Select Medical Holdings agreed to be taken private for $3.9 billion by a consortium led by co‑founder Robert Ortenzio, senior executive Martin Jackson, and private‑equity firm WCAS. The deal offers $16.5 in cash per share, a 10% premium to the prior close, and values the company at 10.55 times EBITDA. Existing debt will remain unchanged, with JPMorgan and Wells Fargo arranging the required financing. The transaction is slated to close in mid‑2026.
Select Medical has built a nationwide network of critical‑illness recovery hospitals, inpatient rehab centers, and occupational health clinics, positioning it as a key player in the post‑acute care market. The company’s diversified service portfolio and steady cash flow make it attractive for private ownership, especially as the founder seeks to steer strategic initiatives that may be constrained by public‑market scrutiny. This backdrop aligns with a broader trend of healthcare operators consolidating to achieve scale, improve payer contracts, and invest in technology‑enabled care pathways.

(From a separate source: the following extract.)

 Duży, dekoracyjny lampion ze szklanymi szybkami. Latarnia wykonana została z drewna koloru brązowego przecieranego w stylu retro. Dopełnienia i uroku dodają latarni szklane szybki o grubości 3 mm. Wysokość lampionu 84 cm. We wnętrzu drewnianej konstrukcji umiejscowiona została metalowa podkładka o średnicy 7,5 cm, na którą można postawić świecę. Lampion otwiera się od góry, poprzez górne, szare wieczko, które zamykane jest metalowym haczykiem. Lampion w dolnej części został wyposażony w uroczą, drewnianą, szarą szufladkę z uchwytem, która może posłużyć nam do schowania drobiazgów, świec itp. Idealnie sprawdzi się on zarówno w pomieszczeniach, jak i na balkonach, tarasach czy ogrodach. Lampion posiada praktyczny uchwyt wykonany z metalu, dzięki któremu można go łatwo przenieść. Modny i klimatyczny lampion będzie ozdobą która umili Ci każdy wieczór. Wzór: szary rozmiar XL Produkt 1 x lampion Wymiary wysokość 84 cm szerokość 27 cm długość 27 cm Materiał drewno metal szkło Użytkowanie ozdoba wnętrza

The consortium’s structure blends founder insight with private‑equity capital, reflecting a hybrid approach to value creation. Valuing Select Medical at 10.55 times EBITDA and a 10% share‑price premium underscores confidence in its earnings stability and growth prospects. By keeping existing debt intact, the buyers can leverage established loan covenants, reducing refinancing risk and preserving liquidity for operational investments. WCAS brings deep sector expertise, while JPMorgan and Wells Fargo’s involvement as lead arrangers signals robust financing support for the $3.9 billion transaction.

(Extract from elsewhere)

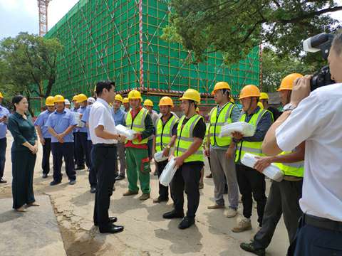8月21日上午十一点,接近中午烈日炎炎,湘江集团党委书记、董事长张利刚一行来到开云网页版登录入口-开云(中国)承建的长沙科技创意园项目,现场看望慰问高温天气下依然坚守战斗在岗位上的广大建设者,为大家送来了冰箱、电风扇、凉茶、藿香正气水、夏桑菊、西瓜等防暑降温用品。

For shareholders, employees, and patients, the deal promises a more agile governance model focused on long‑term care quality and expansion. Private ownership may accelerate initiatives such as tele‑rehabilitation, integrated occupational health services, and strategic acquisitions in underserved regions. Moreover, the mid‑2026 closing timeline gives the consortium ample runway to align regulatory approvals and integrate financing structures, setting a precedent for founder‑led take‑privates in the healthcare space.